Mais pour réaliser ce suivi, le patient doit disposer d’un outil via lequel faire son petit rapport. “Sans cela, il ne sera pas forcément poussé à remplir ce genre de questionnaire s’il doit le faire sur le portail de l’hôpital…”
Comment fonctionne la solution imaginée? L’hôpital, via la passerelle paramétrable, envoie automatiquement au patient le questionnaire correspondant à la pathologie pour laquelle il a été soigné ; la patient le complète et le renvoie à l’hôpital. Avec intégration immédiate dans la base du données du DPI.
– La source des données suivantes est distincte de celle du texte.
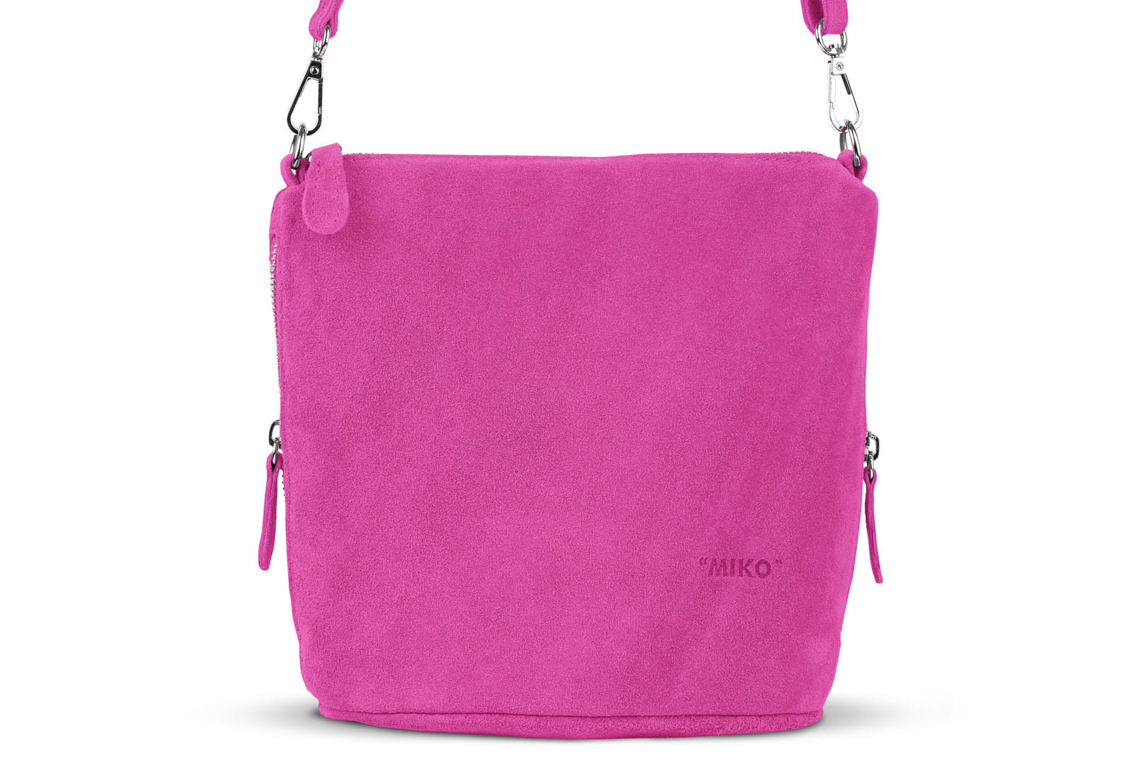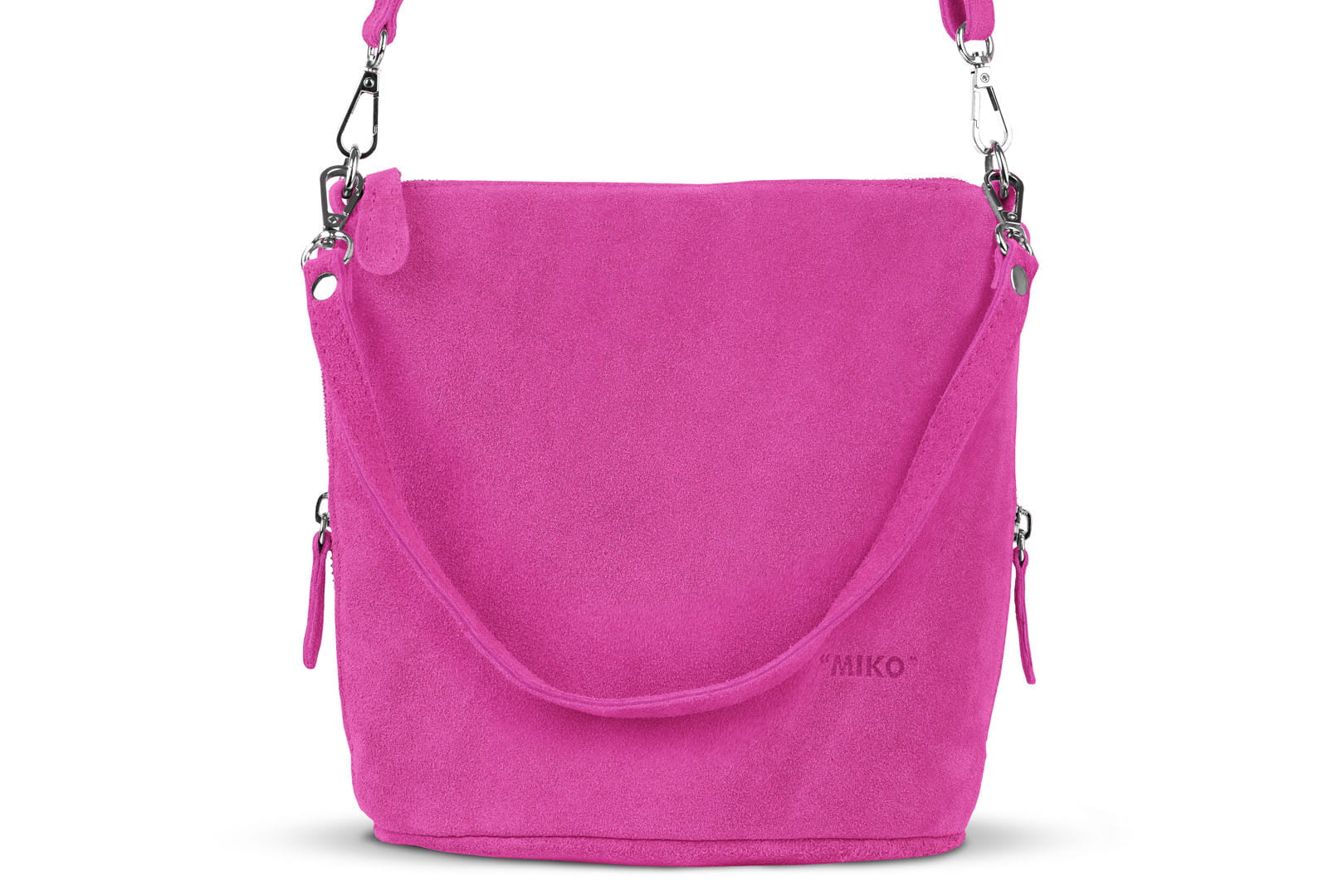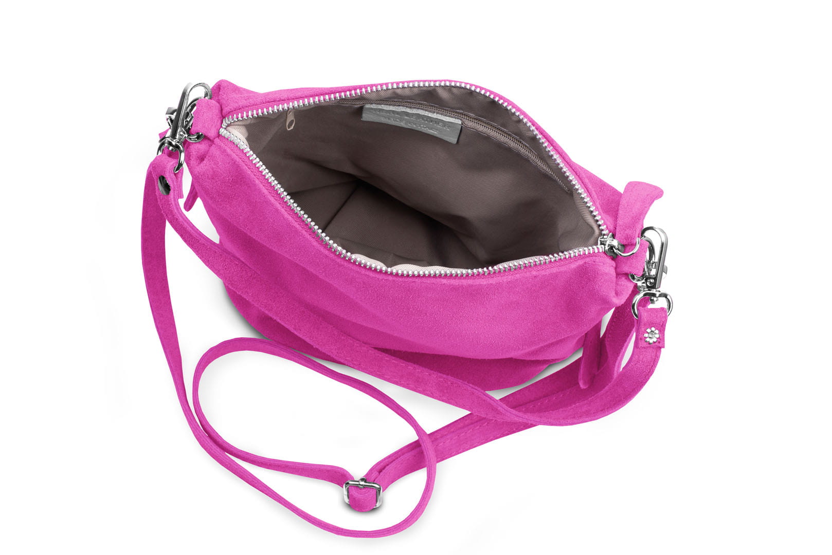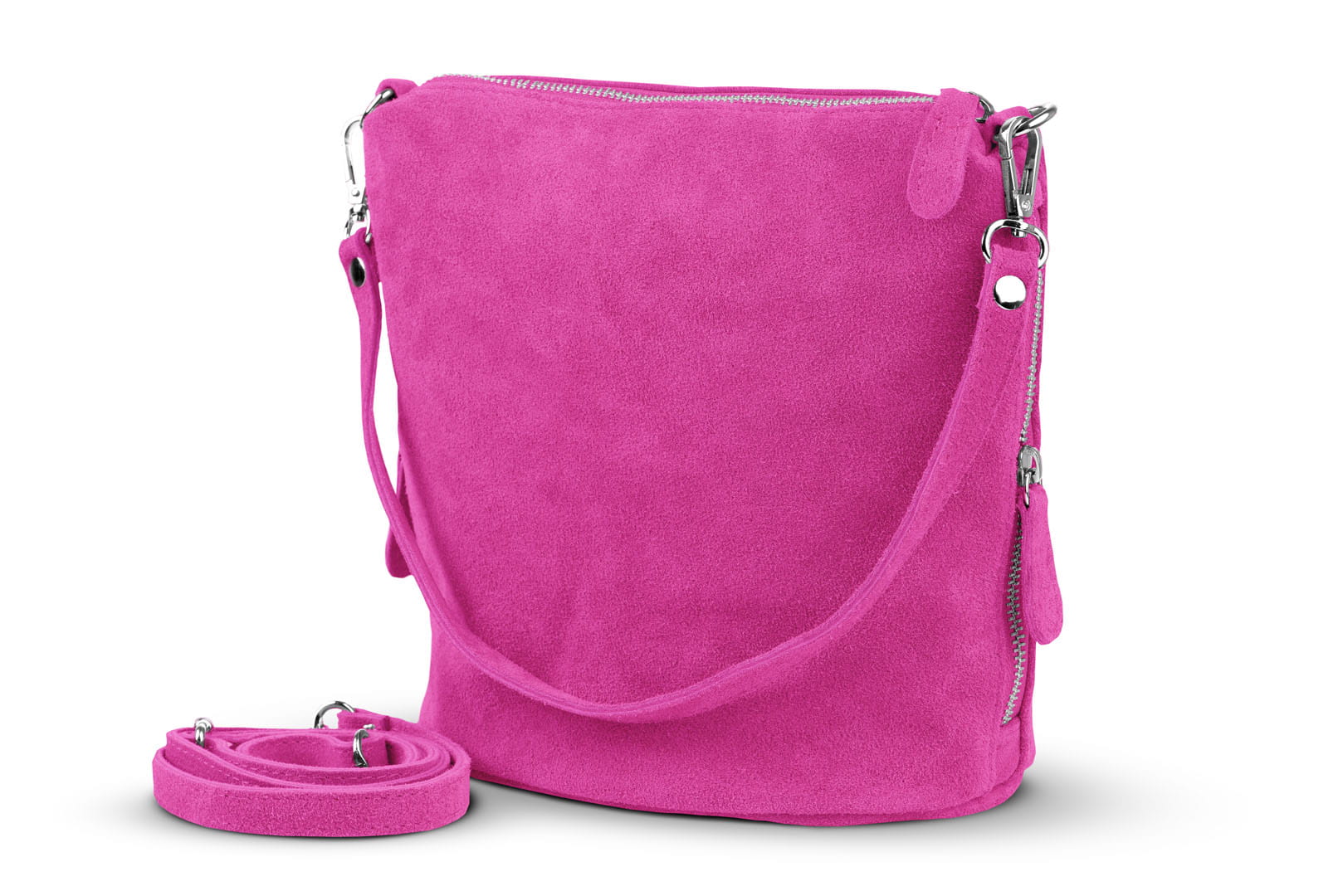Torebka damska wykonana z wysokogatunkowego włoskiego zamszu naturalnego. Po obu stronach listonoszki znajdują się dwie praktyczne kieszonki. Dzięki dwóm paskom różnej długości, torebkę można nosić w ręku lub na ramieniu.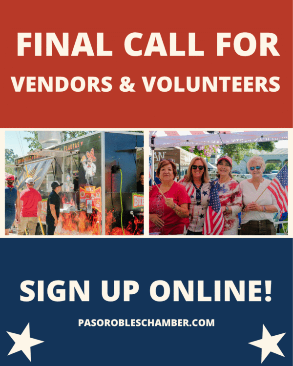 The Paso Robles & Templeton chamber of commerce has released one last call for vendors, volunteers, and sponsors for the 4th of July celebration in Templeton. Vendors can showcase their business, products, or services to hundreds of gathering attendees by signing up at: pasorobleschamber.com. Sponsorship opportunities are also still available to get your business in…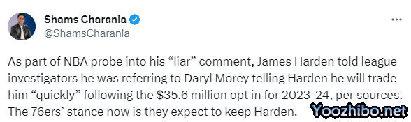 “作为NBA对他针对总经理莫雷“撒谎”言论调查的一部分,詹姆斯-哈登告诉联盟调查员,他是在指责莫雷,因为莫雷告诉哈登,在其选择执行3560万美元的球员选项后,会“迅速”将他交易出去。而76人现在的立场是,他们希望留下哈登。”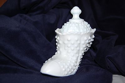 FENTON MILK GLASS HOBNAIL COVERED CAT BOOT SHOE SUGAR NON USA MADE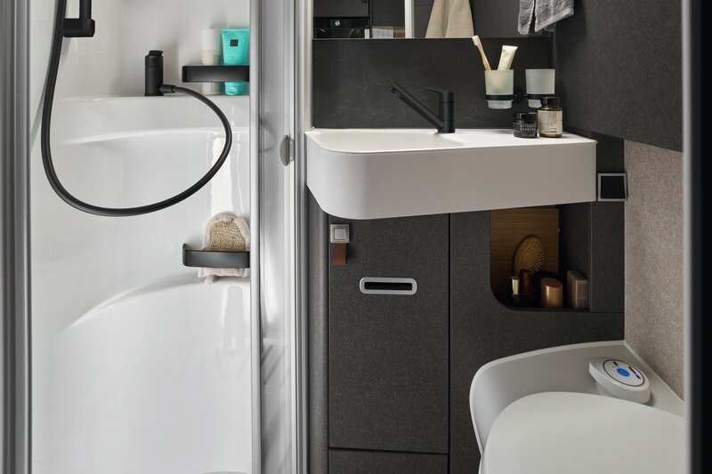Het interieur in native bamboo straalt warmte en luxe uit. Dankzij de slimme indeling en hoogwaardige afwerking geniet u van een open en rustige leefomgeving. De extra’s uit het wooncomfortpakket — zoals het hoogwaardige slaapsysteem, sfeerverlichting en praktische details — maken het verschil tijdens elke reis.

Ces informations seront précieuses, et même nécessaires, pour l’hôpital. A la fois pour rendre des comptes aux autorités compétentes (INAMI, SPF Santé) et justifier ses financements forfaitarisés et pour faire face à d’autres besoins (études scientifiques, statistiques…).
“L’hôpital sera par ailleurs mieux à même d’anticiper et de veiller à son efficacité”, ajoute encore Dominique Bastille.
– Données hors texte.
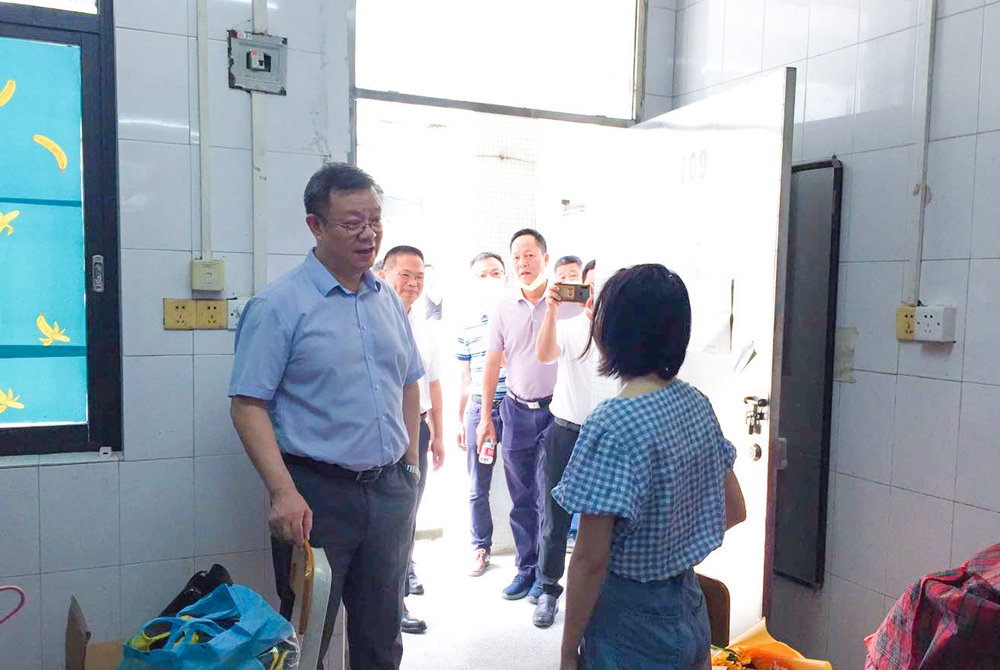 图为骆少明校长率队检查指导管理学院学生返校工作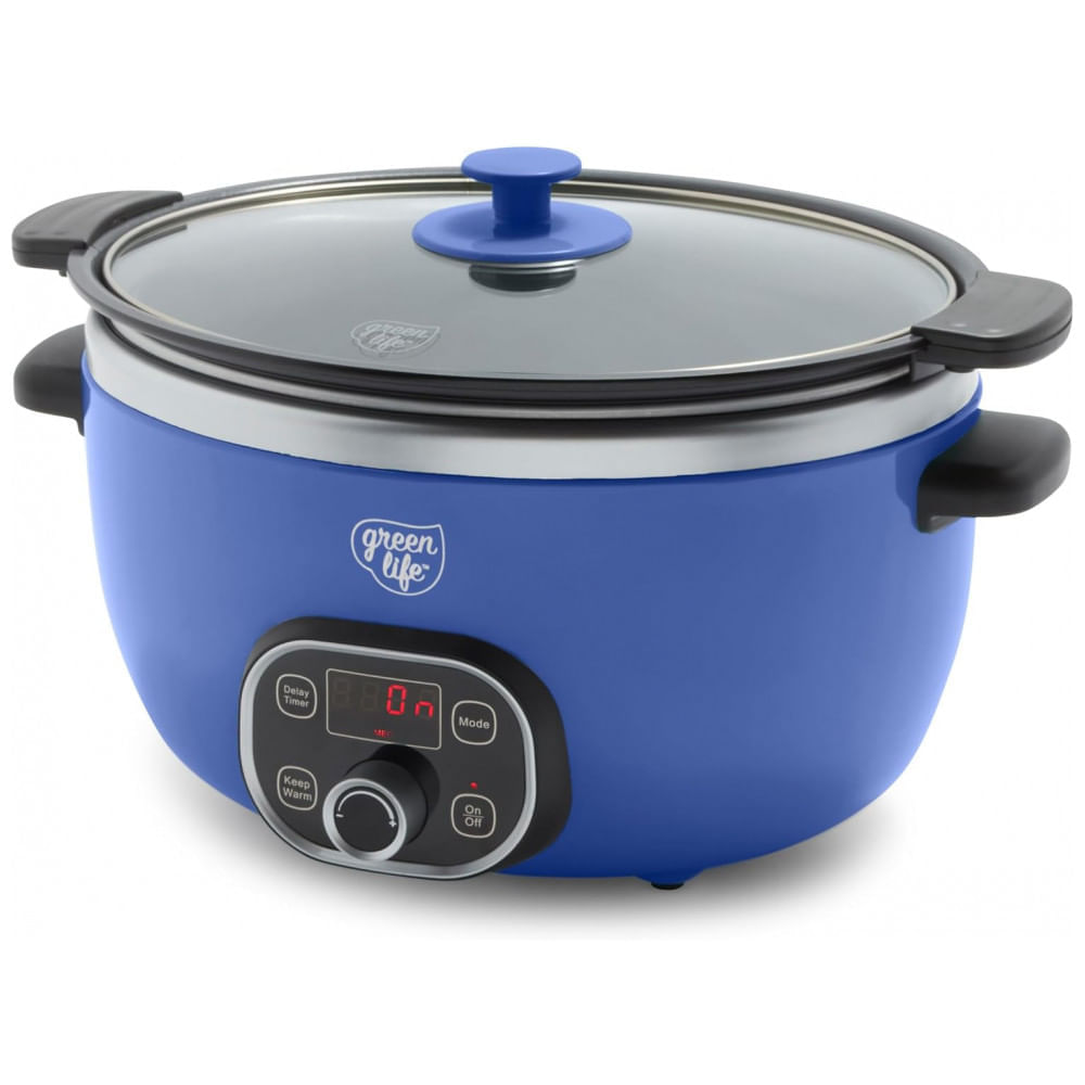 Atenção: Todos os produtos elétricos são 110V e necessitam de adaptador para a tomada no formato Brasileiro. A Panela Elétrica GreenLife 5,68 litros é um item versátil e prático. Sua panela antiaderente removível facilita a selagem e refogado dos alimentos, sendo ideal para preparações lentas. Com capacidade de 5,68 litros e revestimento cerâmico saudável, livre de substâncias tóxicas como PFAS, PFOA, chumbo e cádmio, garante refeições mais saudáveis e saborosas. O painel de controle oferece cinco funções de cozimento, permitindo programar o preparo por até 10 horas e manter a comida aquecida por até 4 horas. A panela e a tampa são seguras para lava-louças, facilitando a limpeza. Leve e removível, a panela pode ser usada no fogão e forno, proporcionando mais opções de preparo para realçar o sabor dos pratos. Com design moderno, a tampa de vidro transparente permite visualizar o cozimento. Ideal para refeições em família, preparo antecipado de alimentos e eventos. Aproveite a praticidade e eficiência da Panela Elétrica GreenLife! Especificações: Cor: Azul, Material: Cerâmica, Dimensões do Produto: 38,86 cm D x 28,19 cm L x 25,5 cm A, Capacidade: 5,68 Litros, Potência: 240 watts, Peso do Item: 4 kg, Voltagem: 110., Padrão: Sólido, Método de Controle: Toque, Tipo de Controle: Programável, Número de Configurações: 5, Profundidade do Item: 27,94 cm, Tipo de Controlador: Manual, Modelo: CC008506-001, UPC: 885837043327, Código de Identificação Global de Comércio: 00885837043327, Fabricante: GreenLife, Número do Modelo do Item: CC008506-001

Toujours dans le contexte d’un déport croissant de l’espace de soins vers le domicile du patient, la nouvelle solution pourra également être utilisée pour des comptes-rendus de soins par des prestataires tels que les infirmières à domicile.
Autre utilisation possible de la solution-passerelle: la réalisation d’enquêtes de satisfaction, après retour au domicile. “Les patients sont peu enthousiastes à l’idée de remplir de tels questionnaires quand ils sont à l’hôpital. Par contre, si on imagine une solution donnant-donnant, avec clairement un avantage pour le patient, la pratique pourrait devenir plus facile”, estime Dominique Bastille. Quelle serait cette “carotte”? Que les informations et commentaires livrés soient dans une certaine mesure un prolongement du DPI, “une suite logique de son hospitalisation.”
Quel modèle tarifaire?
Fidèle à son principe d’appli gratuite pour l’utilisateur final, A7 Software ne fera pas payer la passerelle par le patient. Pas plus d’ailleurs que par les prestataires de soins, côté domicile (infirmières, par exemple).
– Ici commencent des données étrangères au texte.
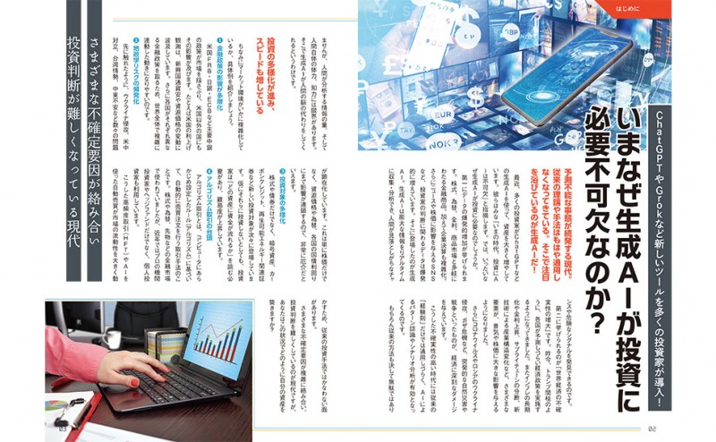 決算書の分析からビジネスモデルの研究、おすすめ銘柄の選定から投資信託の評価まで、株の初心者・上級者を問わず、AIが大きく活躍する場面は多々あります。億り人たちが続々と参入しているAI×投資の世界を初めての人にもわかりやすくご紹介。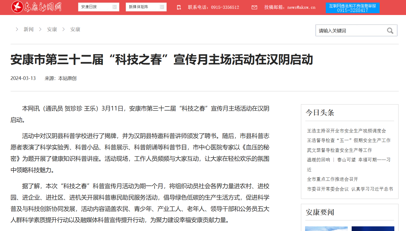 黨的二十大報告指出,培育創(chuàng)新文化,弘揚科學(xué)家精神,涵養(yǎng)優(yōu)良學(xué)風(fēng),營造創(chuàng)新氛圍。為推動全民科學(xué)素質(zhì)全面提升,鼓勵全社會關(guān)注科學(xué)創(chuàng)新,形成崇尚科學(xué)的良好氛圍,安康新聞網(wǎng)通過“全國科普日集中宣傳”等主題宣傳,持續(xù)發(fā)布一系列民生科普報道,切實增強科學(xué)知識在群眾中的普及率,取到了良好的社會效果。

La rentabilisation du service viendra des hôpitaux ou encore des CSD — Centrales de Soins à Domicile — qui, pour chaque “remontée” d’informations, paieront un prix qui sera “calculé sur base de chaque projet en fonction du nombre de patients impliqués, de la durée, du volume d’utilisation.” Un autre critère (le modèle tarifaire doit encore être précisé) pourrait être un calcul de pourcentage du forfait que reçoivent les hôpitaux pour les différents actes concernés (pose d’une prothèse…). Une cinquantaine de ces forfaits de financement sont d’ores et déjà en vigueur et leur nombre devrait augmenter.